The caller "said he had an assault rifle and was going to start shooting students on campus," Nakamura said.

Administrators received word from police just minutes before the scheduled 2:45 p.m. final bell, and responded before the bell rang. It meant that students, faculty and staff were unable to go home, but instead huddled in rooms with lights turned off for nearly four hours before searching police sounded the all clear.

At one point during the lockdown, another call – believed to have been from the same man who made the initial threat – demanded officers back off, or risk being shot, according to police.

"This guy is getting off trying to scare people," said an Arcadia High School junior who was in her AP Calculus class when the lockdown began.  She is also involved on campus with the production of "Apache News," the school's own newscast, and interviewed fellow students and recorded video on her iPhone to be used in her report on the incident. 

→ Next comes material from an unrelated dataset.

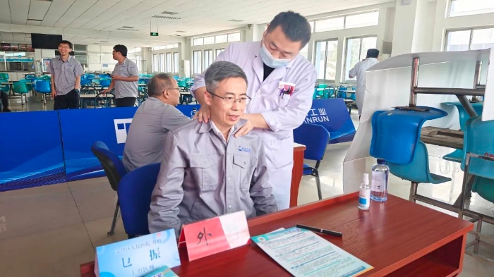 来自山东省文登整骨医院、文登区人民医院、文登区中西医结合医院、环山社区卫生服务中心、文登区皮肤病医院、大水泊中心卫生院、小观镇卫生院、文登区界石镇卫生院等医疗机构的48名医护人员,组成“全科医疗团”,涵盖内科、外科、中医科等主要科室,通过血压测量、中医脉诊、内外科问诊、针灸治疗等方式,为员工提供一对一的健康咨询与专业建议。现场秩序井然,员工们积极参与,并就自身关心的健康问题与医护人员进行了深入交流。
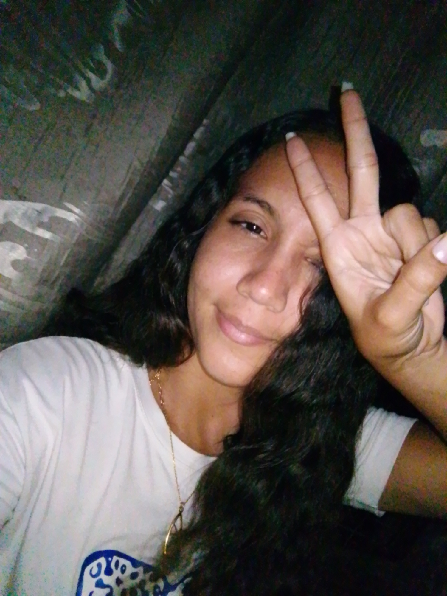 A woman is posing indoors, smiling and giving the peace sign. She has long, dark, wavy hair and is wearing a white t-shirt and a gold necklace. The background appears to be some type of textured wall…read more

"I cannot imagine the kind of person who would do this to students," said Brent Forsee, EdD, principal at Arcadia High School, which has a reputation for academic excellence.

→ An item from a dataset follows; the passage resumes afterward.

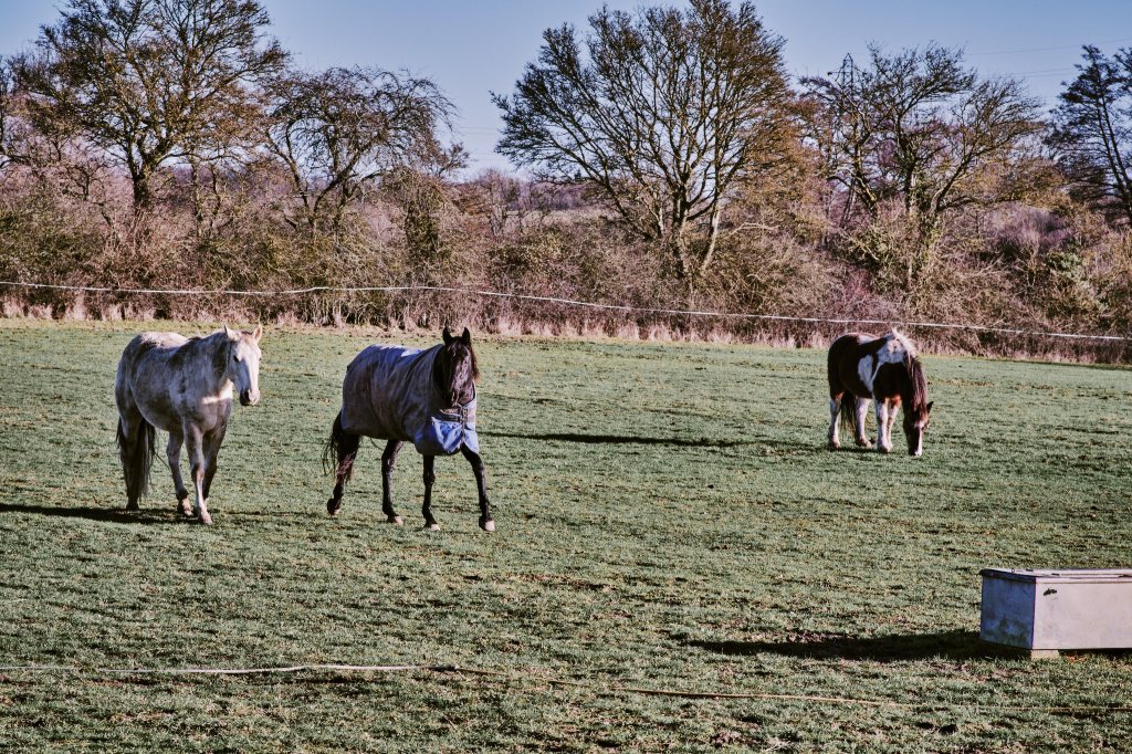 We navigated the slushy paths with the kind of focus usually reserved for carving the turkey. Along the way, we weren’t the only ones out enjoying the fresh air; we passed several horses looking sturdy in their winter rugs, puffing steam into the cold air as they watched us pass.

The school cancelled Thursday’s back to school night, but on Friday returned to normal campus schedule and events, including a luncheon recognizing its 22 National Merit semi-finalists.  The school recently had gifted its students with "I (heart) Arcadia" buttons meant to be passed on to individuals who show good character. Thursday evening, after the emergency was deemed over, many students awarded their buttons to the officers who had responded.

Dealing with threats has become an unfortunately recurring aspect of education. The AP Calculus student recalled that this was the fourth lockdown she has gone through since middle school.

During Thursday's lockdown, she said, students were more frustrated than fearful. But concern triggered by the threats has affected at least one other San Gabriel Valley school.

A parent at San Julian Elementary in La Puente expressed anxiousness about the incidents, prompting a call to LA Sheriff's Industry Station. A dispatched patrol unit found no problem and school resumed, according to principal Martha Arceo.

She and the sheriff’s department emphasized there had been no threat made.

Later Friday, to the east in Fontana, Mango Elementary School was evacuated after a bomb threat. Nothing was found.

Initial indications show no connection to the gun threats in the San Gabriel Valley, according to an FBI source who had been briefed on the Fontana case.

For law enforcement, tracing back phone calls is tougher in this age of disposable black market cellphones and voice over internet calls.

How far investigators have gotten in locating the sources of the calls, authorities declined to discuss.